Within two weeks I was in love, and I thought he was too. I still do love that person. That person never existed.

Oh, for a while it was all perfect. Then in February 2007 things changed. His Mum died, and he began drinking and using drugs again. He'd phone at weird times of night, lost somewhere between here and Albrighton. Or he'd phone from outside a pub, incoherent, with no way to get home, so I'd go and find him and take him home. One time he was supposed to be babysitting for his sister (he was living with her by then) and he wasn't answering his phone so she phoned me. Of course, I went to the rescue. I found him passed out on the floor behind the front door. When I got in (luckily I knew where the spare key was kept), and roused him, he was vile, kept trying to punch me, but again, I thought it was all due to his mum dying. Even though he said, 'I really don't care that she's dead. I feel nothing.' Sociopaths always tell you what they are, but mostly we don't hear them until it is too late.

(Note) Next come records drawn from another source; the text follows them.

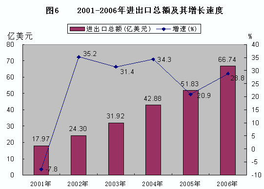 中國與東盟建立對話關(guān)系15周年紀(jì)念峰會和第三屆中國-東盟博覽會、中國-東盟商務(wù)與投資峰會圓滿成功舉辦。北部灣(廣西)經(jīng)濟(jì)區(qū)開放開發(fā)全面啟動,泛北部灣經(jīng)濟(jì)合作有效推動。第二屆桂臺經(jīng)貿(mào)交流會和首屆兩岸共同產(chǎn)業(yè)市場論壇成功舉辦。我區(qū)與東盟各國、港澳臺及各省區(qū)市的經(jīng)貿(mào)合作進(jìn)一步深化。全年區(qū)外境內(nèi)到位資金615.42億元,增長48.5%。實(shí)際利用外資7.11億美元,增長11.4%,其中直接利用外資4.47億美元,增長18.2%。 全年對外承包工程和勞務(wù)合作完成營業(yè)額0.53億美元,比上年增長1.1倍。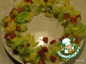 И пусть она там себе варится, на ме-е-едленном огне. А мы тем временем займемся гарниром. Овощи моем и режем. Помидор и болгарский перец небольшими кубиками, айсберг разбираем на листья и рвем руками на клочки. Укладываем на тарелку кольцом: слой айсберга, посыпаем его кубиками помидора и желтого болгарского перца. Получается вот такая красотень:
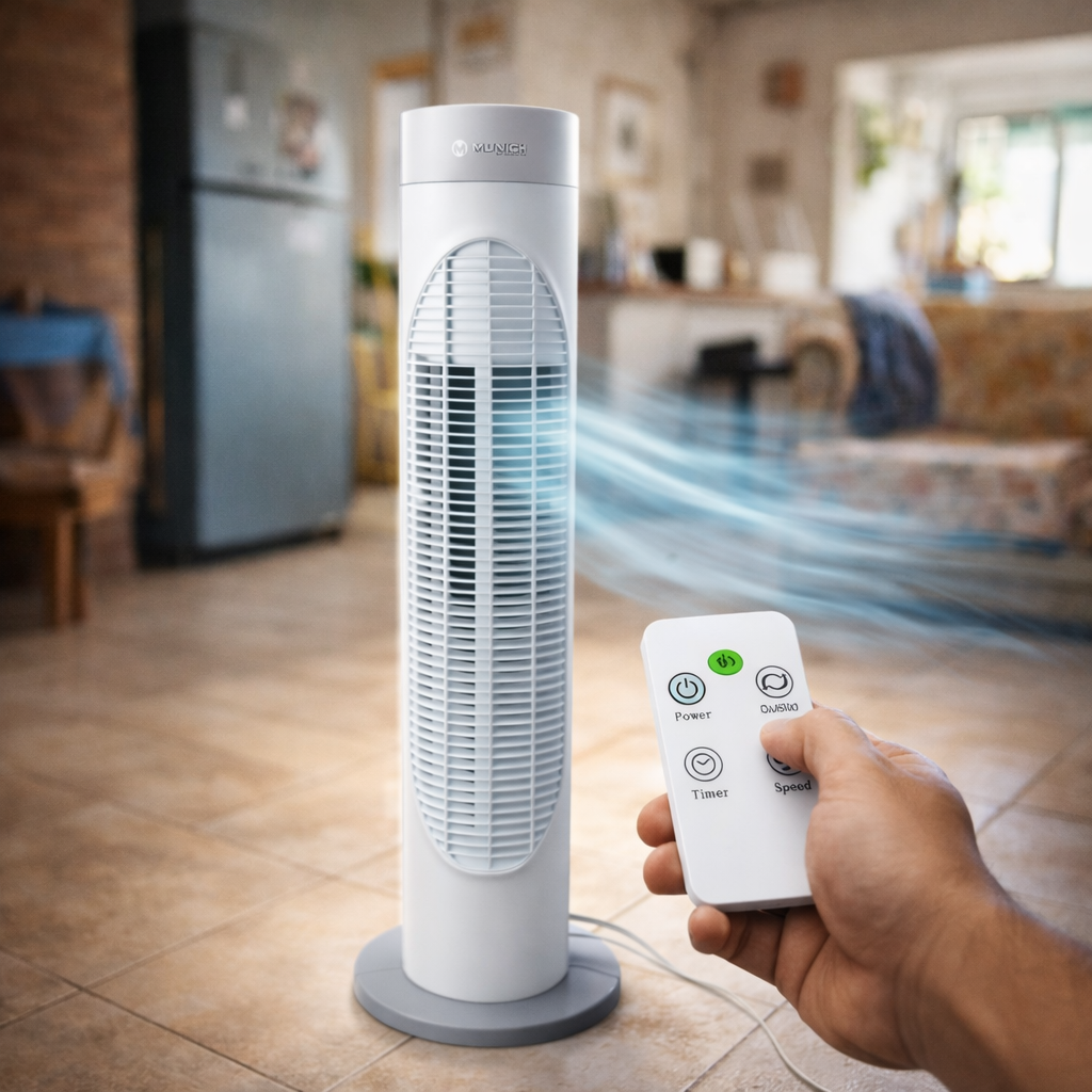 Este ventilador de torre es adecuado para recámaras, oficinas, salas, áreas de recepción o espacios donde se requiere ventilación continua con diseño vertical y operación sencilla.

And as time went on, he didn't get better, he got worse. I'll save the details of the various beatings for another post or series of posts, because I find it quite triggering, so for purposes of this post, it's only necessary to say that what began as verbal abuse and maybe pushing, pulling and intimidatory door-punches gradually became hair-pulling, slapping and shaking. Usually out of jealousy - and by jealousy I mean really STUPID jealousy. The night we first split up, he attacked me because I'd talked to some people who were outside smoking when he went for a smoke. He was right next to me. They were a mixed group of men and women. He joined in the conversation. I didn't know him well enough then or I would have sensed the warning signs.

We were away for the weekend, and when we got back to the hotel, he just laid into me. Pushed me against the wall, took hold of my head and kept banging it against the wall as he yelled at me. Then he grabbed my arm and threw me to the ground, face down, but he was still pulling my arm up behind me. I was terrified, I could feel my shoulder was going to dislocate or something, because he had his body fixing my legs. Then with my other hand I was able to grab my stilletto boot. I started hitting him with the heel until he let my other arm go, then I rolled over, and anger took hold of me. I didn't stop. I kept on hitting him, as hard as I could, backing him out of the room, then I slammed it shut on him and locked it. I couldn't believe the state I was in. I didn't know where he went and I didn't care.

He came back in the early hours of the morning, and I let him back in, because I'd need to drive us home anyway. He slept a little bit, and when he woke up in the morning he had no idea why he was covered in little round bruises. But I finished it. Went to Sue's house and told her what had happened, and she said she thought it was for the best. Showed her my arm.

He kept ringing, wanting to talk to me, but I wouldn't take the calls. So he started calling Sue, I think he even went around her house, crying and saying how much he loved me. She believed him, she said she thought he really meant it, and that maybe he was worth another chance. So I gave him one. On condition he stopped drinking. Which he did, for a while.

Then slowly it was back on ordinary lager, then back on Special Brew, then back on heroin. By this time he was working away, and cheating on me. I found out, and dumped him. Yet even though he was living in the Lake District, he began a concerted effort to get me back. He'd come down here at weekends, find me in pubs, be talking to me wanting to get back together - seconds before his girlfriend phoned him.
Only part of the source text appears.